» **PROBLEM TO WORK ON**
Set down the material exactly as given, please, from its first line through the line that includes "Purple jacket with".

» **SOURCE INFORMATION**
● ● ● ●

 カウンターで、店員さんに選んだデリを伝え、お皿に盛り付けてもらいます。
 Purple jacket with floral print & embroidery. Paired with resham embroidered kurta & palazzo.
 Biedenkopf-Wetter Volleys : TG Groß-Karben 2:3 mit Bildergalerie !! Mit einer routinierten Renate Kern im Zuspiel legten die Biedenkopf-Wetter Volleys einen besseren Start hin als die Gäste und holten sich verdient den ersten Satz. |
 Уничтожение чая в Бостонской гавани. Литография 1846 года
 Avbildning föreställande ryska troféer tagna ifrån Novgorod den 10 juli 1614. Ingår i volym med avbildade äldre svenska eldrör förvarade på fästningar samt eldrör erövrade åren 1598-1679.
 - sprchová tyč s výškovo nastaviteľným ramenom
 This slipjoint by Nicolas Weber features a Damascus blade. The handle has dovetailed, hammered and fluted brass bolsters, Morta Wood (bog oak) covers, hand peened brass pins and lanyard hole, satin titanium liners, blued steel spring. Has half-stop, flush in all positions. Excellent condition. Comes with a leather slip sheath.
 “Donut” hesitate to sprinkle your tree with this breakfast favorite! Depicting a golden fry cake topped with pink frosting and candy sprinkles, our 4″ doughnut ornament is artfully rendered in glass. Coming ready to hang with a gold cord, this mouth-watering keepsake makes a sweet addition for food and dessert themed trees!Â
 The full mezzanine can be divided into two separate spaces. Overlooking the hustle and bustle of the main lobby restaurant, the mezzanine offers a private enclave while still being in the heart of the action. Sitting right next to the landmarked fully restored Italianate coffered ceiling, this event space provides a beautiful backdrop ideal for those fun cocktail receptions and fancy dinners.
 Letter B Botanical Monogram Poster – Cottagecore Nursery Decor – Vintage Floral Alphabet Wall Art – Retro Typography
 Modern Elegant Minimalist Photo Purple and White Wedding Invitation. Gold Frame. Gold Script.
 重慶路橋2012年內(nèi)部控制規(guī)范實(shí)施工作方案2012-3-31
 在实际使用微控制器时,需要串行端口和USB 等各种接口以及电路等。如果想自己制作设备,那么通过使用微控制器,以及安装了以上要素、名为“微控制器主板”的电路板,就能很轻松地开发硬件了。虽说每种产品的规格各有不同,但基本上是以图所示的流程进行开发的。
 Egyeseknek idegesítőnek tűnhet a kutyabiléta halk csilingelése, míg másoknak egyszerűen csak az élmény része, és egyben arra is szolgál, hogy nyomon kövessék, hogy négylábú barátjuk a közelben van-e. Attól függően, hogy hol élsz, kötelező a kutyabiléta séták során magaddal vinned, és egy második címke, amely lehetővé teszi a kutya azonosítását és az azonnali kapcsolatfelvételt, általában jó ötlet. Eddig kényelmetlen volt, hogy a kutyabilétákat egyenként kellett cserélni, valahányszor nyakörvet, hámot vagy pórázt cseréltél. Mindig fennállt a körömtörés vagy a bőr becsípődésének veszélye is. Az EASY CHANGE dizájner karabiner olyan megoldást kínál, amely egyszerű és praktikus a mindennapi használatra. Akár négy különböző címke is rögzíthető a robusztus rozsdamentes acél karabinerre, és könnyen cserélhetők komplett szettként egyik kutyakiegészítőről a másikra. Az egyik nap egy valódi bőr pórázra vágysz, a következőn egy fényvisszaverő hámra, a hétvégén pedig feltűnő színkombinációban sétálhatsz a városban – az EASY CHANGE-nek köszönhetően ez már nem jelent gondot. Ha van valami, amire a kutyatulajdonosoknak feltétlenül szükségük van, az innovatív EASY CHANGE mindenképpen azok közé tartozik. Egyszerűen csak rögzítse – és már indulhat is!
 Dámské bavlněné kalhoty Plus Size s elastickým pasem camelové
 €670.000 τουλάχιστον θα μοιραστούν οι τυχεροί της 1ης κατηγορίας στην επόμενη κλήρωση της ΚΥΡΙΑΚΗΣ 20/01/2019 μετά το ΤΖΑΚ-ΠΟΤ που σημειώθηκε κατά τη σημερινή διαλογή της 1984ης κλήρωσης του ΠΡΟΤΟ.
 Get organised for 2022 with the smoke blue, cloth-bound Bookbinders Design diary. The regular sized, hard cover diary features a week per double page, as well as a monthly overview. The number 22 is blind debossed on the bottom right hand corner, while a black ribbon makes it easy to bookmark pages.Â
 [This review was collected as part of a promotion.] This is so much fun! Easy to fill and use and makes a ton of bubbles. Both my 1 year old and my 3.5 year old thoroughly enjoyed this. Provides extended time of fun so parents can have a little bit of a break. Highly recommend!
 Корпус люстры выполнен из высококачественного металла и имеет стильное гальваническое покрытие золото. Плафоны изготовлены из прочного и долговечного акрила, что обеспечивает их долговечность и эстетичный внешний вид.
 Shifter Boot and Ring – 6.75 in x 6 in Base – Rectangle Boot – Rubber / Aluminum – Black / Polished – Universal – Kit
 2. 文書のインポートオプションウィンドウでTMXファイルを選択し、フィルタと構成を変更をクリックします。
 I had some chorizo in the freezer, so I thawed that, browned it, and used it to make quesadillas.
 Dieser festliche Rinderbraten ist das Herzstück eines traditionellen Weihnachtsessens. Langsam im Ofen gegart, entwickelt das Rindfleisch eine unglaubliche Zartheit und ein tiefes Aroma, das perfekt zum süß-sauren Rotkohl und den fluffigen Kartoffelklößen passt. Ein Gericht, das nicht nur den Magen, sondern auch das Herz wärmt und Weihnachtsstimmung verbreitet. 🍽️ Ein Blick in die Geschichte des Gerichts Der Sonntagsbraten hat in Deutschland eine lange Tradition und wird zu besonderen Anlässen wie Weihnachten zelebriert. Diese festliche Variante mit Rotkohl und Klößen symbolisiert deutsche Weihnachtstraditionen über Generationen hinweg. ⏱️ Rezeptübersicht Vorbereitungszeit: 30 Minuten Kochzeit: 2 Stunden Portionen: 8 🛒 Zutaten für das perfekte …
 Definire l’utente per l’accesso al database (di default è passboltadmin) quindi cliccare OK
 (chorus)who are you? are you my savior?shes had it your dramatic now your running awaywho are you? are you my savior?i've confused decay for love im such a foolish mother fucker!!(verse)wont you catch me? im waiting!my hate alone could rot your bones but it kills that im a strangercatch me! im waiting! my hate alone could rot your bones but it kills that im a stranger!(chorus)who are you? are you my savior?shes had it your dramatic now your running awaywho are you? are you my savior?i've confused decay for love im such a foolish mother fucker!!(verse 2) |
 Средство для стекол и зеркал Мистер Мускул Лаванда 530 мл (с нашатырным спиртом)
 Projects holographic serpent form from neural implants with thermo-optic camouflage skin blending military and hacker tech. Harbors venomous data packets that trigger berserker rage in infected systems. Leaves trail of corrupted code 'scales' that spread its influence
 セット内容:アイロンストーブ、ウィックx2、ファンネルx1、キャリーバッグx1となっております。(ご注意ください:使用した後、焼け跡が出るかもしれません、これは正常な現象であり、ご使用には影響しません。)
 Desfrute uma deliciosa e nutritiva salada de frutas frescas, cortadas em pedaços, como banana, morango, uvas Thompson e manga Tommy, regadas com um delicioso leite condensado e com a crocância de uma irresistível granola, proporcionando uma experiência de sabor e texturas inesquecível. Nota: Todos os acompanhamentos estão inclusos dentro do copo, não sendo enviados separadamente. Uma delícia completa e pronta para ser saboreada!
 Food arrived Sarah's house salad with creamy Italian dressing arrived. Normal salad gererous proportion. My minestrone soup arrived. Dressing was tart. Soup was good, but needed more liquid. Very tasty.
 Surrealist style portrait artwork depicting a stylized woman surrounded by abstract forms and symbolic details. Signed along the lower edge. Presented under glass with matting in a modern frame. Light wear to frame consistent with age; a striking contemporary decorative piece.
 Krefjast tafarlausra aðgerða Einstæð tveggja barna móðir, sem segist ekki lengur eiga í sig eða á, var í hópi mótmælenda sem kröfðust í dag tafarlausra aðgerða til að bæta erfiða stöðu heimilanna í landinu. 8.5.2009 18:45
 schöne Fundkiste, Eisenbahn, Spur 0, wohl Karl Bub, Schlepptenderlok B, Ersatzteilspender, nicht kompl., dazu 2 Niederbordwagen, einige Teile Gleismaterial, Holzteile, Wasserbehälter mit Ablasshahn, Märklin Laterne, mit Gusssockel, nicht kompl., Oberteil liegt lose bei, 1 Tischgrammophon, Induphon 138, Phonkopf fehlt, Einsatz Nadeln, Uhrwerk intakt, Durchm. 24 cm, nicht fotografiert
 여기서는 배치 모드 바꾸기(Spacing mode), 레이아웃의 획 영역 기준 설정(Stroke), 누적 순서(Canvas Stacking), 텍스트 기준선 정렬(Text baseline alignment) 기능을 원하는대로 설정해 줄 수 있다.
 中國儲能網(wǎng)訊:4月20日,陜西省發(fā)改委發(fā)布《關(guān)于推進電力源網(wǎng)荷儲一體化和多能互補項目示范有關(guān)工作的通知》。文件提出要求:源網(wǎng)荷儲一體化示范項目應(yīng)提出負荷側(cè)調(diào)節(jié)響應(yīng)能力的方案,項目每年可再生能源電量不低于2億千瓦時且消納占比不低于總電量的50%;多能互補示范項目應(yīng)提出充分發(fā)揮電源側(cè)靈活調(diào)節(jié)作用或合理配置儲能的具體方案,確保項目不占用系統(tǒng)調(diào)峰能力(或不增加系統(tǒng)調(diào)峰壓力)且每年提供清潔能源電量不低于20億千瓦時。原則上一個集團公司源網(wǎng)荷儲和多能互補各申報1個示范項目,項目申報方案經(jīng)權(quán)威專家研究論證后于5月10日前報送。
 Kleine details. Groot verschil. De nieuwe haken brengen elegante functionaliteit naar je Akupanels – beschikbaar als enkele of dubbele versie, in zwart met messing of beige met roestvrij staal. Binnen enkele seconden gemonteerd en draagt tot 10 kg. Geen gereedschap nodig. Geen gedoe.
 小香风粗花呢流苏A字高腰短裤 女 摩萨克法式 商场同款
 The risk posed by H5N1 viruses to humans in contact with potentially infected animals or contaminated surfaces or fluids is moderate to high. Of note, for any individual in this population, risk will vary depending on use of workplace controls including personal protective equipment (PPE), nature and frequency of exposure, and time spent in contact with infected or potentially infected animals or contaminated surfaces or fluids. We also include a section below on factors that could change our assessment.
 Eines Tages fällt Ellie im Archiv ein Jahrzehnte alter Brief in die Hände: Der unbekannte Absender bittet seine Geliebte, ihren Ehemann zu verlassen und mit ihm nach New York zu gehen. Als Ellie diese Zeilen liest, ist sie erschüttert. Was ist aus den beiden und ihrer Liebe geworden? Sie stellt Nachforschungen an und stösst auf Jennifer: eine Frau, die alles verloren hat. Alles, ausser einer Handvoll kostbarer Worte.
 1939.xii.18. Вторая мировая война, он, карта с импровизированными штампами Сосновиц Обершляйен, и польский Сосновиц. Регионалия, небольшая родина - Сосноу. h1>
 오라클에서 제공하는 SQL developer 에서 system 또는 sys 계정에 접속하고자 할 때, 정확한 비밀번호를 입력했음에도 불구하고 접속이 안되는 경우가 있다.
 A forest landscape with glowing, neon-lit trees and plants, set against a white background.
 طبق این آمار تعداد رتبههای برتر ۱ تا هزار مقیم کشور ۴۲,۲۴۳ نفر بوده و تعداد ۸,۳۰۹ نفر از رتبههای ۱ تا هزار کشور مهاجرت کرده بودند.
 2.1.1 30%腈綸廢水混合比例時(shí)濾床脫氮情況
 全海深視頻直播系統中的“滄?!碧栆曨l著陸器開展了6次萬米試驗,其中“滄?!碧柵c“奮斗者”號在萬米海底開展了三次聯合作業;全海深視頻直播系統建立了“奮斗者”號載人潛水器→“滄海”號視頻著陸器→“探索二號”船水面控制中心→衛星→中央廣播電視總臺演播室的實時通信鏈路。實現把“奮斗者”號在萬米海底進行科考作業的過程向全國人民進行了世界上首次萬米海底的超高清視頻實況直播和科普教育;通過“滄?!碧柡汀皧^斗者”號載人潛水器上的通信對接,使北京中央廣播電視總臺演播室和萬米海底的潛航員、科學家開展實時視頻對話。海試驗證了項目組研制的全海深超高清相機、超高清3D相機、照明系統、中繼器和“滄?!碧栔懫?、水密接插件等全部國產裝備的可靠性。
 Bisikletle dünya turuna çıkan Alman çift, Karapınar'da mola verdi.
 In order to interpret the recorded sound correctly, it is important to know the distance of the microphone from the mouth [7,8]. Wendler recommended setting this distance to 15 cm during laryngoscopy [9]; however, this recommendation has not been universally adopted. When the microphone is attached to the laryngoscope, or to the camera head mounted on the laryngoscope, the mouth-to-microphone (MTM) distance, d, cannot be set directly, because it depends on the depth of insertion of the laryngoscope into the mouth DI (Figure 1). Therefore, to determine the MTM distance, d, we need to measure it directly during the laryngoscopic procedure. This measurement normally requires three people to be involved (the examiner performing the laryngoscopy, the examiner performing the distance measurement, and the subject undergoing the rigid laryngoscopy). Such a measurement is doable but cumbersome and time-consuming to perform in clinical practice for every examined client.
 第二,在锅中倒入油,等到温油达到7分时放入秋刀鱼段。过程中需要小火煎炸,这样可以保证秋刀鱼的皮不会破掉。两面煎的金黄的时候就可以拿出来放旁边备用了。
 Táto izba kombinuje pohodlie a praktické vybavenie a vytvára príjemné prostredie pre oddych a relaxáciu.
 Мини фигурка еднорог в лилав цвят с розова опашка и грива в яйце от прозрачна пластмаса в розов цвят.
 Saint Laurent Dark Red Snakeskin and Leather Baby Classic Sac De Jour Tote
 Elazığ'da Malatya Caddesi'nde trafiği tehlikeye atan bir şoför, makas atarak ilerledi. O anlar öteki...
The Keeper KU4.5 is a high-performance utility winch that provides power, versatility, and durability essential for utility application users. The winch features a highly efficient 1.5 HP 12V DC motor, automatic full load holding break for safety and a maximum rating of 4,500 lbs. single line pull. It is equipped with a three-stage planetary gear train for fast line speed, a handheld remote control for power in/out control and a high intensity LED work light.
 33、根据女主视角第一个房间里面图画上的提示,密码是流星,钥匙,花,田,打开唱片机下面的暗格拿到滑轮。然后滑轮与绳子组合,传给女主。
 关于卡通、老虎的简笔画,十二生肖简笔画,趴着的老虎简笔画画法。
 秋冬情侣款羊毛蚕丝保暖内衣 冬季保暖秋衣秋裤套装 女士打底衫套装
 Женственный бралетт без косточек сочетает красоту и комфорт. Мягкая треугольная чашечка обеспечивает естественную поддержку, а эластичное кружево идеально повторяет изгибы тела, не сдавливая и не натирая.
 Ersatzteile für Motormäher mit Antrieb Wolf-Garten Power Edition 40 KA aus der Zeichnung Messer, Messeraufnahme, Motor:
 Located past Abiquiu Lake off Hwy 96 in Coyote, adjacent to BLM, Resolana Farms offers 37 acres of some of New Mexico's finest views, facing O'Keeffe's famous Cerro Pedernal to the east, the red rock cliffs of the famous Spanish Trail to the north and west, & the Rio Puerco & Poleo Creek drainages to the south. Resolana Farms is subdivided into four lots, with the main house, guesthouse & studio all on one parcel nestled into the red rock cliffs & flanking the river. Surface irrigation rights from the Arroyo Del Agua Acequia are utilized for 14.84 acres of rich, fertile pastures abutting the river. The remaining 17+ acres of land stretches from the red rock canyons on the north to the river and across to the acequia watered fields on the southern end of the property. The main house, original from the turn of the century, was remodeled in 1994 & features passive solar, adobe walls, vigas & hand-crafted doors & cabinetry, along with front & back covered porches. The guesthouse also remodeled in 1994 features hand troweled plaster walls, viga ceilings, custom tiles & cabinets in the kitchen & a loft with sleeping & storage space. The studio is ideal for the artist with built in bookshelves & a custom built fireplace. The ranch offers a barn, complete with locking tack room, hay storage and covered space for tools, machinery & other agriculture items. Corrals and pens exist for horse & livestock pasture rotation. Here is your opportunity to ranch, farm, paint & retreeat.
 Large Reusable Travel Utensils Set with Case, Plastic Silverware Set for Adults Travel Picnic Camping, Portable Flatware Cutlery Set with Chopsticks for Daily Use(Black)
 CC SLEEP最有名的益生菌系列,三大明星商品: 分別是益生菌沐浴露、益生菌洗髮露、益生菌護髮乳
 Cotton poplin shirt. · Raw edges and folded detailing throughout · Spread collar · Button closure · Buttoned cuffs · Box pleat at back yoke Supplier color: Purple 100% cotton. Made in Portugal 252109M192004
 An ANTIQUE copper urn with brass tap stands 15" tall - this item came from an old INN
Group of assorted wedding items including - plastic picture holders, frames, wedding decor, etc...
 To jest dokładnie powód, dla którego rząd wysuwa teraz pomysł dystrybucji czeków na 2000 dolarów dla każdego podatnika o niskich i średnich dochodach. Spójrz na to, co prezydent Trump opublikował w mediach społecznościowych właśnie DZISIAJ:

● ● ● ●

» **TASK RESPONSE**
 カウンターで、店員さんに選んだデリを伝え、お皿に盛り付けてもらいます。
 Purple jacket with floral print & embroidery. Paired with resham embroidered kurta & palazzo.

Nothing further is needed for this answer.